» **Aim of the exercise**: Include the line containing "The Luciana Bowl" and all lines before it, repeated exactly from the listing below, without pictures.
......
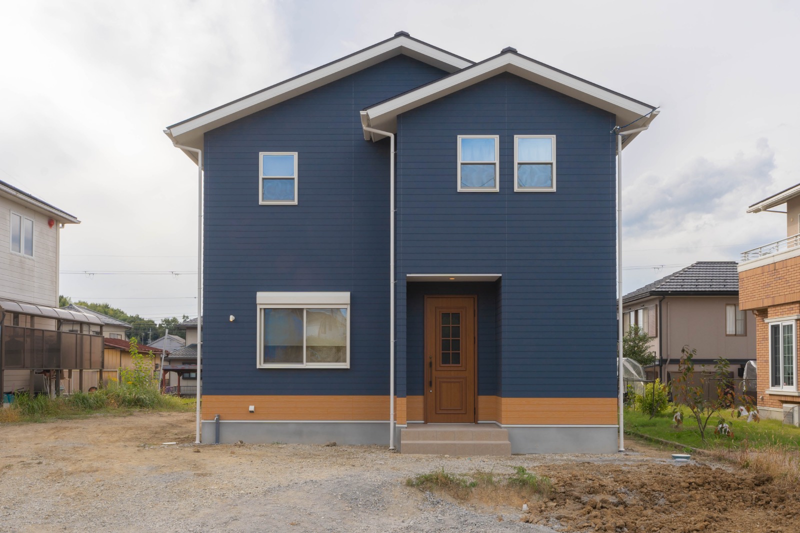 ネイビーブルーの外壁にアクセントカラーのイエローを組み合わせた個性的な外観デザイン。
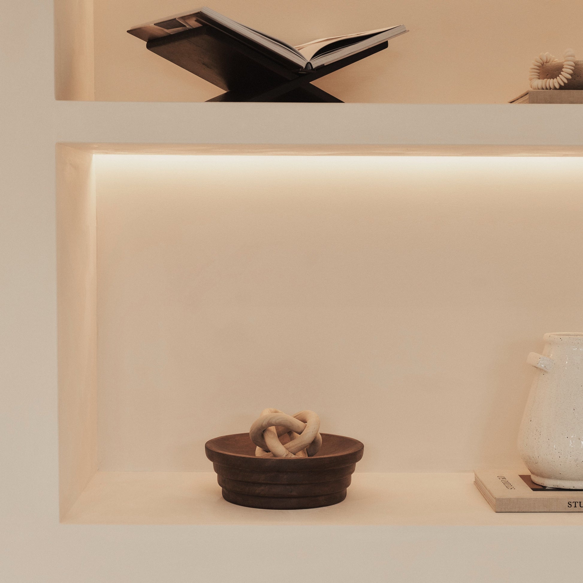 The Luciana Bowl features a sophisticated ribbed design with a rich dark wood finish, making it an elegant addition to your coffee table or sideboard. Its bold tones complement a variety of interiors, offering both decorative charm and texture to enhance your living space.
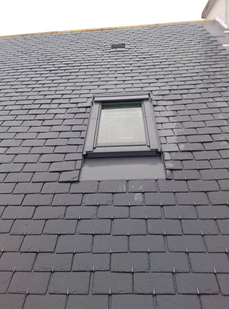 Réfection totale d'une toiture ardoise, 2 velux sur chaque rampant, faîtage, chatière et gouttière zinc.
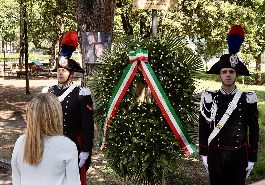 Strage di Capaci: Meloni depone corona nel parco intitolato a Falcone e Borsellino
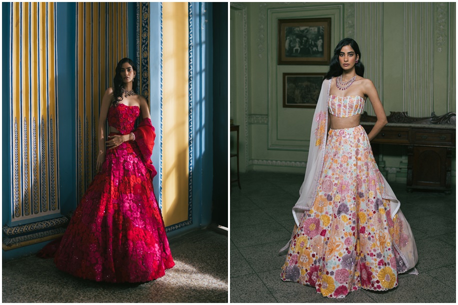 Beloved for their signature 3D floral motifs and sumptuous embroidery, Mishru lehengas are perfect for the whimsical bride. Their vibrant hues and ethereal designs are sure to add a touch of fantasy to your wedding day!
......
» **Output of the task**:
 ネイビーブルーの外壁にアクセントカラーのイエローを組み合わせた個性的な外観デザイン。
 The Luciana Bowl features a sophisticated ribbed design with a rich dark wood finish, making it an elegant addition to your coffee table or sideboard. Its bold tones complement a variety of interiors, offering both decorative charm and texture to enhance your living space.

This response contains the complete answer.